Work instructions: Nothing but the lines below from the first through the one with "Painted and decorated" should appear, printed exactly; please leave pictures out.

[Dataset excerpts]
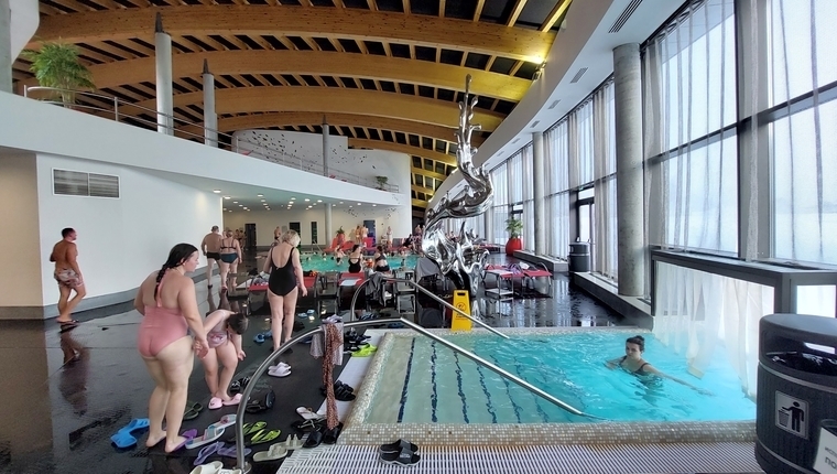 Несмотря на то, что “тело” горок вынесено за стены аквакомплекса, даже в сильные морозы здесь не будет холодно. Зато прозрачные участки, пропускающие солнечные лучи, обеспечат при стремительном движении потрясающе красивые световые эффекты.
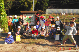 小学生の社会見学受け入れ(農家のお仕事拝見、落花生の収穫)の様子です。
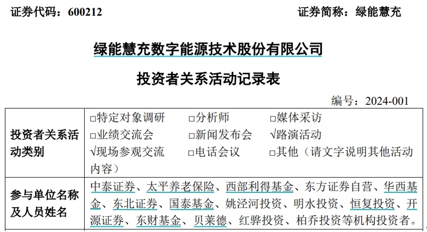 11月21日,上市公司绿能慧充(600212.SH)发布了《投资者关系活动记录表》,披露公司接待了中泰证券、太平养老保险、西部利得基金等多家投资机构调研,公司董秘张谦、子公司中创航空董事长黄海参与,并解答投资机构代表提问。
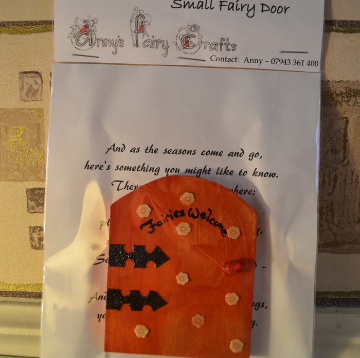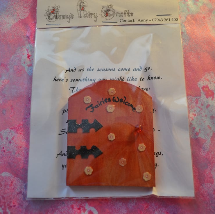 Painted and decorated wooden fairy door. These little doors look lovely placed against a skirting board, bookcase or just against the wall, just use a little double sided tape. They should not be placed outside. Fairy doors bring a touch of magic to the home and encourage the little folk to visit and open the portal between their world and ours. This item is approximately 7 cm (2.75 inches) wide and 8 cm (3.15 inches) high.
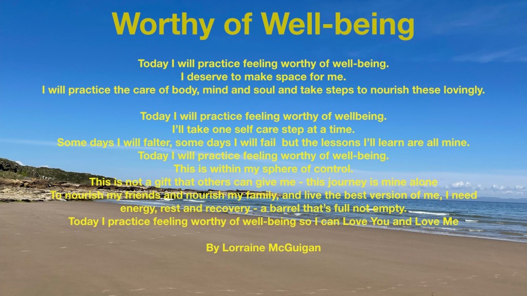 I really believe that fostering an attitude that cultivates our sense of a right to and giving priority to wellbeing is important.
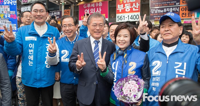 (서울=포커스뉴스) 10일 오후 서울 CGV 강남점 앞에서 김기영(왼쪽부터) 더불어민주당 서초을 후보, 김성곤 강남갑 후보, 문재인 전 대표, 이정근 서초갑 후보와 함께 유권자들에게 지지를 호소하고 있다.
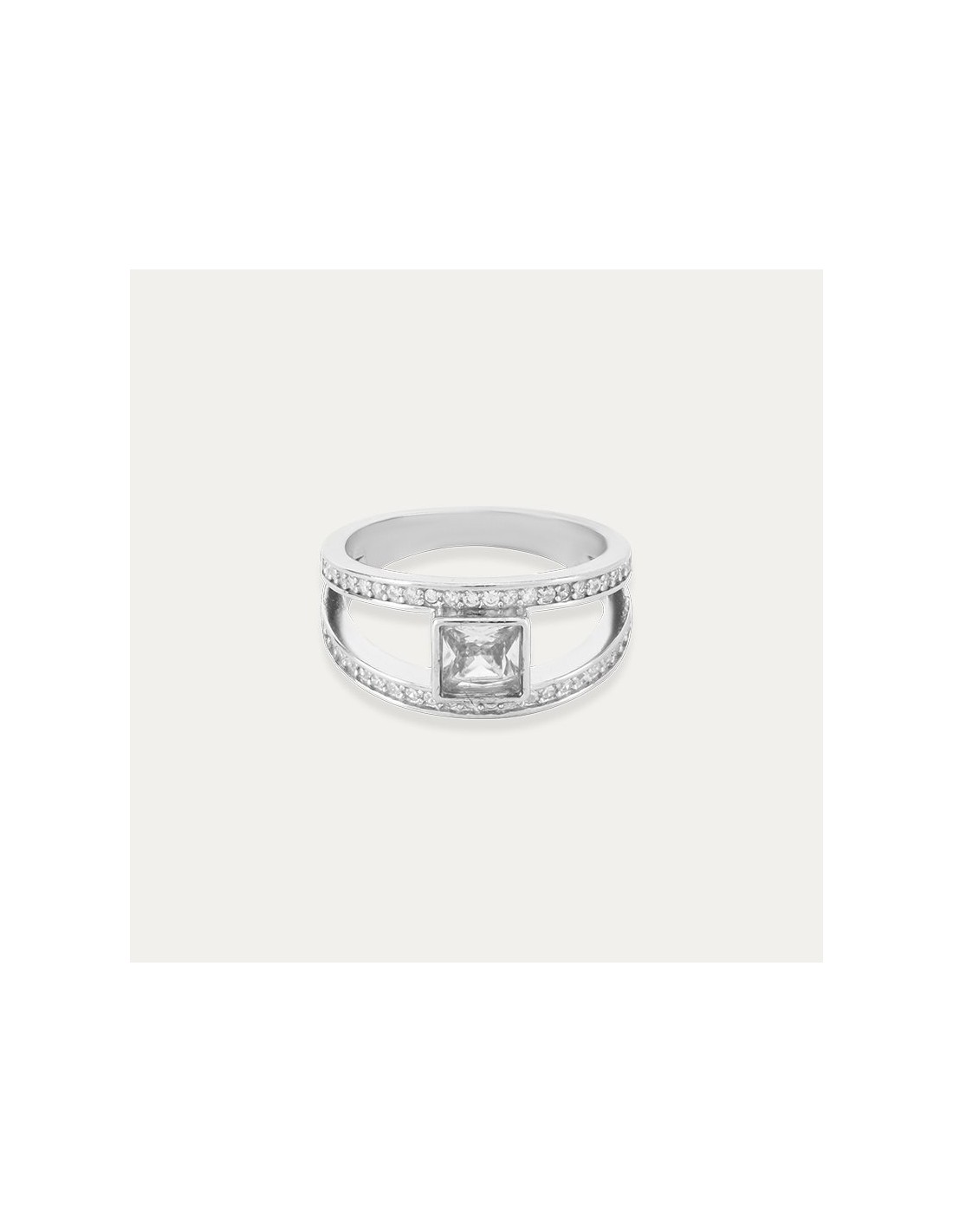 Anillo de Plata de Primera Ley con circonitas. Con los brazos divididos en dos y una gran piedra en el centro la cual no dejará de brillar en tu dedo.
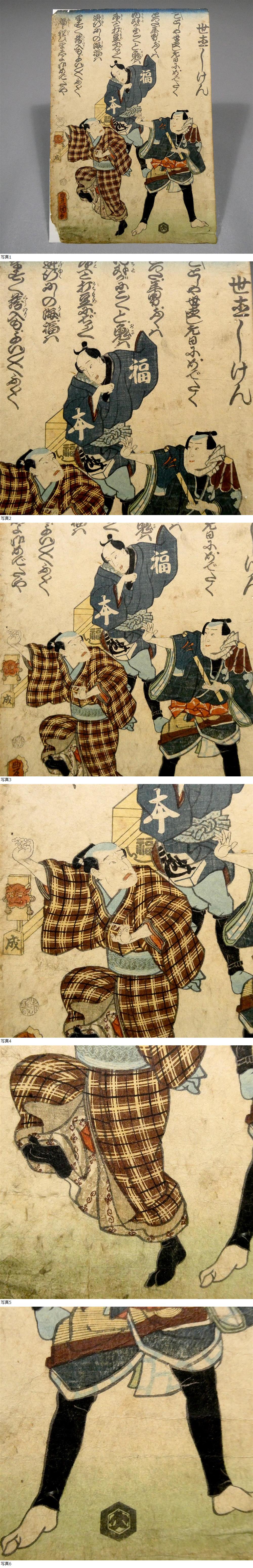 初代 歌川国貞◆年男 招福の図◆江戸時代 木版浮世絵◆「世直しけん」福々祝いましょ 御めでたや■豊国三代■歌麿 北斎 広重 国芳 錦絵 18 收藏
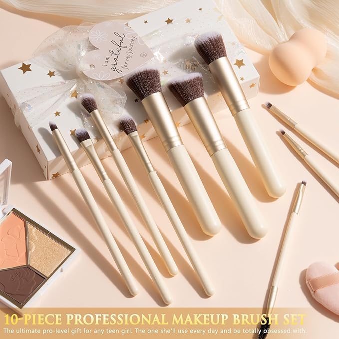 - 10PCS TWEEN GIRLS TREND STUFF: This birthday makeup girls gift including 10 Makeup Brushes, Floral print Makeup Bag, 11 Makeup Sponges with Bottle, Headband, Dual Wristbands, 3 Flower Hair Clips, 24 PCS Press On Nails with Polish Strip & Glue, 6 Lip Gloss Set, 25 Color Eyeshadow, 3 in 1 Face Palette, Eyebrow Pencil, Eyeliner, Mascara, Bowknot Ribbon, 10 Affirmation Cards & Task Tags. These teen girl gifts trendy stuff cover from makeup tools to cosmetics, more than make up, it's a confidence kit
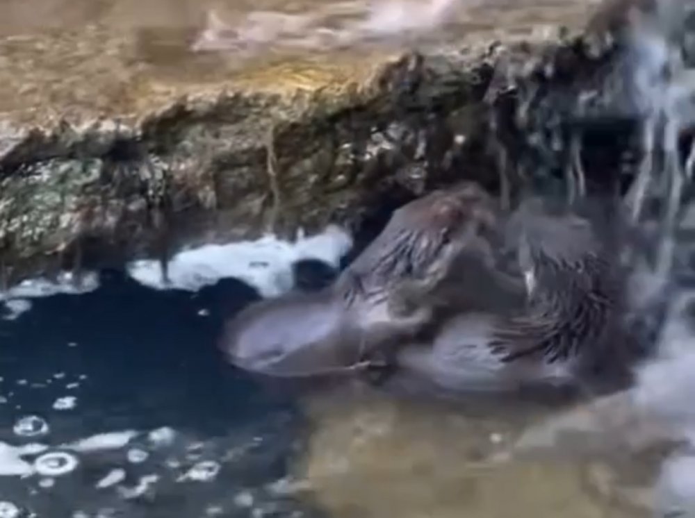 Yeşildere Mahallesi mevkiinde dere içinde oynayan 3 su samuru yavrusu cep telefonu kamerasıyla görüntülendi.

Written solution:
 Несмотря на то, что “тело” горок вынесено за стены аквакомплекса, даже в сильные морозы здесь не будет холодно. Зато прозрачные участки, пропускающие солнечные лучи, обеспечат при стремительном движении потрясающе красивые световые эффекты.
 小学生の社会見学受け入れ(農家のお仕事拝見、落花生の収穫)の様子です。
 11月21日,上市公司绿能慧充(600212.SH)发布了《投资者关系活动记录表》,披露公司接待了中泰证券、太平养老保险、西部利得基金等多家投资机构调研,公司董秘张谦、子公司中创航空董事长黄海参与,并解答投资机构代表提问。
 Painted and decorated wooden fairy door. These little doors look lovely placed against a skirting board, bookcase or just against the wall, just use a little double sided tape. They should not be placed outside. Fairy doors bring a touch of magic to the home and encourage the little folk to visit and open the portal between their world and ours. This item is approximately 7 cm (2.75 inches) wide and 8 cm (3.15 inches) high.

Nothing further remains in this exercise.